Rubus Fruticosus — The Problem is the Solution
I’ll get to the appropriate actions, or perhaps inactions, straight away: don’t just thoughtlessly clear brambles away. Don’t think of brambles as the enemy, and don’t begrudge them their thorns. I get really cross when the, otherwise lovely, idea of the ‘Permablitz’, a gathering to help friends and neighbours with their plots, just gets used for bramble bashing. My Permaculture students tire of my pro-bramble rants, but the bramble has few vocal allies, and its defence is about more than just the uses of this versatile plant. It’s time to change our outlook, our culture, and to allow the bramble back into our landscape without fear and loathing.
It’s quite true that brambles are conquerors. They want to cover the land, to extend their spiky domain. They’ll steal your hat, and they’ll tear your trousers. The dried dead stems are even sharper and nastier than the living ones.
Spread by birds that eat the fruit and then deposit the seeds, they’ll rapidly cross a piece of land, but it’s the advance of the bramble wall by runners, and the leaping tip propagation, that is most impressive. They evolved in a world full of hungry browsers, and their stems and even their leaves tell this tale with their formidable armoury. Plants of the forest edge, and of the clearing, they’re fast. When we lived in the mountains in France, we had a neighbour whose house, when he’d bought it, had been entirely invisible beneath a crashing bramble wave.
I wouldn’t like you to think of this as a declaration of unconditional surrender. I don’t give the brambles where we live a completely free run. We’ve knocked them back a bit around the edges these last two years. I’ve reached trees that I planted, it doesn’t seem that long ago, five metres, ten metres, back in the brambles. Brambles are good at what they do.
Don’t use poison. Just don’t. The soil, its life, and the plants, are so much more important than us or our need for tidy. There are ways to challenge the bramble frontier though. Livestock will nibble back the young leaves and stems, halting the advance. Cattle and goats will actually eradicate bramble patches in fields. If large livestock is out of the question — we can’t put cattle in our forest garden — then digging out the chokes — the big root clusters — is the surest way to get results. It requires patience, but maturing trees will stop brambles too. It seems like eight to ten years for a stand of young hazel to shade out the spreading briar.
Let’s move past the warfare though, to a reconsideration. The vigour of brambles is a valuable resource that goes to waste if all we do is see it as a terrible problem.
Rubus Fruticosus is a herald of regeneration and of succession. It’s a healer of the land. The bramble wall is soil-building and habitat providing. For the forest edge trees that advance behind it and with it, it’s a crucial nursery. It’s vital for hedgehogs and dormice; its flowers are a rich source of forage for bees and butterflies, hoverflies and beetles. The leaves are important for caterpillars, and the fruit provides a seasonal treasury for song thrushes and other small birds, as well as for mammals and insects.
All very nice, you might say, but what about my torn trousers and my stolen hat?
Quite apart from vital biodiversity benefits, and services to the soil, and therefore to the cleanliness of water in the landscape, brambles can repay richly us for their somewhat inconvenient habits. If only we let them. The fruit is, of course, a sweet seasonal harvest. The young leaves are edible and can be added to soups (make sure to scrape off the little thorns with a knife). I’ve made myself a bramble leaf tea to drink while writing this piece. The medicinal uses of bramble leaves are too many to list here; the stems can be used for basketry (once they are de-thorned!), and to make cordage and ties. Bramble brash can be used to make charcoal (and thus biochar), or they it can be shredded for mulch or compost.
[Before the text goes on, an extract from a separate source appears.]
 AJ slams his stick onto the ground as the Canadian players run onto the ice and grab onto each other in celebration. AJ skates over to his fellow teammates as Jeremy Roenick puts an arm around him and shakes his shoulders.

The design question, the cultural question, isn’t whether we should co-exist with brambles, but how much space they should be afforded. Let’s turn that around: how much space do we really need to take from them? Forget tidy for a moment (forever!). If you take that ground away from the brambles, what will you use it for? Will what you use it for be as beneficial to the living world, or even directly to yourself, as the brambles are?
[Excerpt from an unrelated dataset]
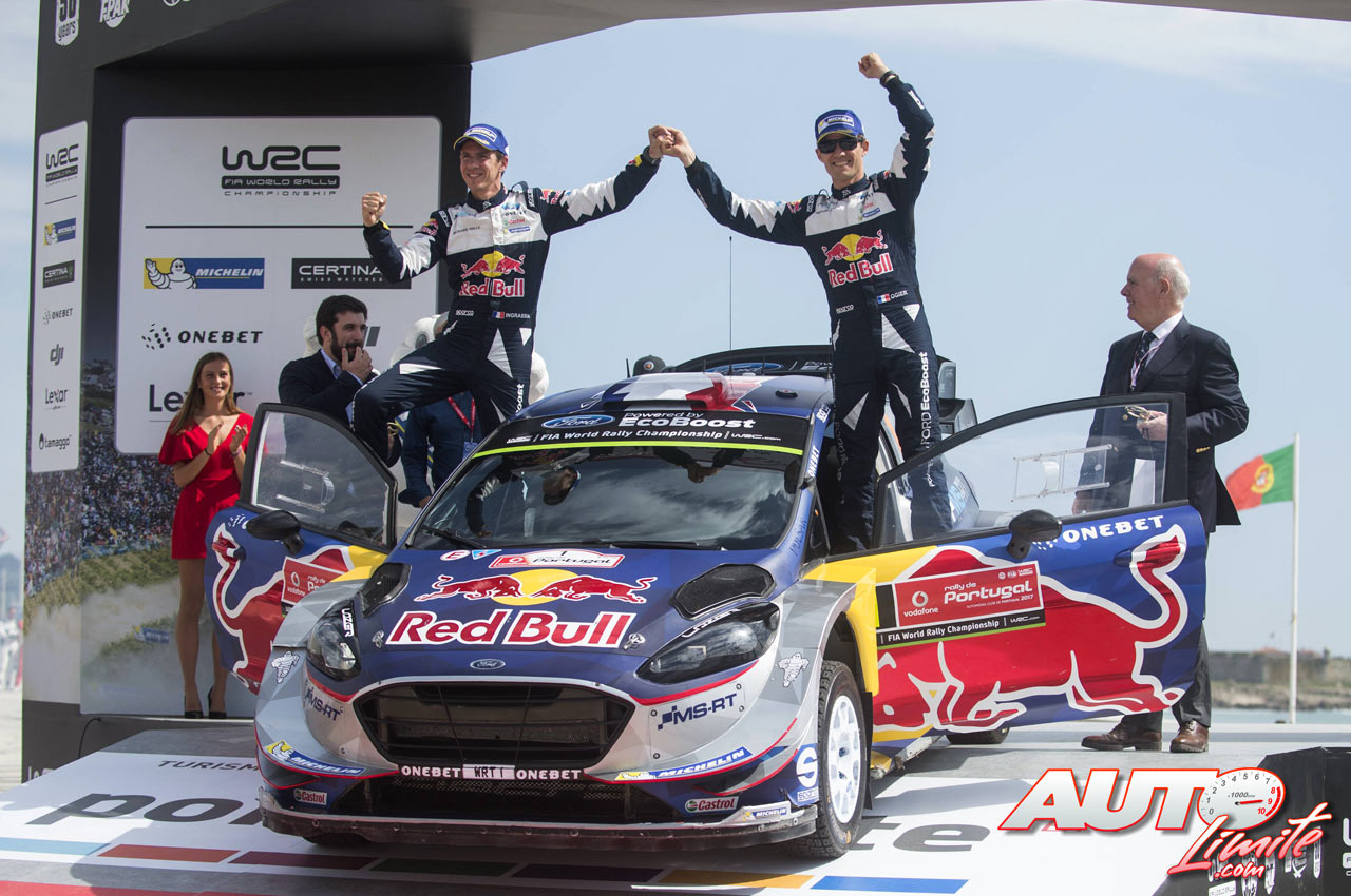Sébastien Ogier y Julien Ingrassia celebrando su victoria a bordo del Ford Fiesta WRC en el Rally de Portugal 2017, puntuable para el Campeonato del Mundo de Rallies WRC.

Brambles can be used to meet a wide range of human needs (this is a cultural challenge), and they are a vital member of diverse wild assembles upon which landscape health depends. We might say that we don’t have a surfeit of brambles, we have a shortage of large wild browsers, or of creative ways to live with these plants ourselves.
In Permaculture design, brambles challenge us to think zonally, especially of Zones 4 and 5, those areas we either don’t manage, but which are absolutely essential to us all, or that we manage lightly for seasonal yields. The bramble’s thorns are a salutary reminder of limits and of how we must accept them.
Our fair share is not as great as that which we’ve taken, and the brambles offer us this lesson generously and beautifully.